If you got records that now need to be geocoded, you probably added a lat and lng field (decimal 6,2 etc) to your table.
You probably also attached the Tools plugin Geocoder behavior to this model.
In order to quickly geocode you just have to use Reset:

$this->Post->Behaviors->load('Tools.Reset', array('fields' => array('address', 'lat', 'lng'), 'timeout' => 3));
$res = $this->Post->resetRecords();

Since all lat/lng fields are still null it will geocode the records and populate those fields. It will skip already geocoded ones. If you
want to skip those completely (not even read them), just set the scope to 'NOT' => array('lat' => null) etc.

Note that in this case we also use a timeout to avoid getting a penalty by Google for geocoding too many records per minute.

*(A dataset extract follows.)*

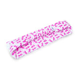 Elevate your hair game with our Headband Mask Holder featuring buttons and a Pink Bows - Breast Cancer design. Made from 100% cotton, it's soft, stretchy, and adorned with a joyful print.

Advanced example: Resetting composite cache field

In this case we added a new cache field to our messages in order to make the search faster with >> 100000 records. The data was containing
all the info we needed – in serialized format.
We needed a callback here as there was some logic involved. So we simply made a shell containing both callback method and shell command:

$this->Message->Behaviors->load('Tools.Reset', array(
	'fields' => array('data'), 'updateFields' => array('guest_name'),
	'scope' => array('data LIKE' => '{%'), 'callback' => 'UpdateShell::prepMessage'));
$res = $this->Message->resetRecords();
$this->out('Done: ' . $res);

The callback method (in this case just statically, as we didnt want to mess with the model itself):

public static function prepMessage(array $row) {
	if (empty($row['Message']['data_array']['GUEST_FIRST_NAME'])) {
		return array();
	$row['Message']['guest_name'] = $row['Message']['data_array']['GUEST_FIRST_NAME'] . ' ' . $row['Message']['data_array']['GUEST_LAST_NAME'];
	return $row;

See the test cases for more ways to use callbacks – including adjusting the updateFields list.

So as you can see, everything that involves a complete "re-save" including triggering of important callbacks (in model and behaviors) of all or most records can leverage this behavior in a DRY, quick and reusable way.

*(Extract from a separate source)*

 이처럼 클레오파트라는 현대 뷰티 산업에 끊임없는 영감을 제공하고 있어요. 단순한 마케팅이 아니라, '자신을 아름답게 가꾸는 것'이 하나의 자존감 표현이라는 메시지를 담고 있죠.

This behavior is a very useful tool to test vulnerability against XSS or unescaped html output (especially accidental one).
The basic idea is to test all views that output data from varchar or text fields for proper escaping. Even if it not user input, it is still vital to properly escape.
Admin input can have chars like <, > etc in there, as well. Without the use of h() it can destroy the layout or worse. So it is always a good idea to cover all

Just attach it temporarily (!) to any of your models and quickly fill your table with hazardous strings. Those strings can potentially end up there via Form input, of course.
This just automates it.
Then you can browse your site and see if an alert or other strange behavior occurs. This tells you that you forgot to use h() or other measures to secure your output properly.

You can also apply this behavior globally to overwrite all strings in the find result.
This way you don’t need to modify the database. On output it will just inject the hazardous strings and you can browse your website just as if they were actually stored in your db.
Just add it to some models or even the AppModel (temporarily!) as $actsAs = array('Tools.Hazardable' => array('replaceFind' => true)).
A known limitation of Cake behaviors in 2.x, though, is, that this would only apply for first-level records (not related data). So it is usually better to insert some hazardous strings into all your tables and make your tests then as closely to the reality as possible.

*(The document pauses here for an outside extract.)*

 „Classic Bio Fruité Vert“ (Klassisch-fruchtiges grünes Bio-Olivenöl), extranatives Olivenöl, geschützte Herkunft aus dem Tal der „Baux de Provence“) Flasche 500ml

You can use skipFields to blacklist certain stringish fields from being overwritten and populated with hazardous strings.

Note: In 3.x the behavior callback issue regarding non-primary records will be solved πŸ™‚ I am really looking forward to that.

CakePHP 3

This article is 2.x only.
For CakePHP 3 please see the 3.0 Tools Plugin documentation on the Reset behavior.

CakePHP


Saving Model Data and Security

21 Sep

In google groups there are quite a few discussions every month about security against (primary key) injection, xss or other things.
And yes, the default templates will not protect you from any of this. They are meant to produce quick "standard" output. But they are not prepared for the real world, at all.
It is actually quite irresponsible not to use custom templates or manually adjust the forms/views.
UPDATE: I could finally convince them to use h() in their default templates! A big WIN for security!

A while ago i wrote about how to create custom templates. See this article for details.
You will also notice, that the controller actions and views are protected against basic – and only basic – injections.
That is mainly xss-attacks. By using h() in the views we can make sure that dangerous strings get destroyed. The custom templates also ensure, that the record we edit/delete exists.

What it still doesn’t do is protecting the model data.

Note: some of the following could be achieved by adding the security component. But sometimes, it is not possible or not desired.

Protection against too many fields

Another tricky one. Again, Firebug can be used to violate your forms. Lets say, a user wants to have more rights – and he happens to know that User.role_id must be 2 instead of 1 in order to be "admin".
In the User edit form (besides "email", "birthday" and stuff) he could then inject a form input called "role_id" which usually is not there.
With a normal $this->save() operation this would actually work! After the next login his role would be 2 (= admin).
What can we do about something like that?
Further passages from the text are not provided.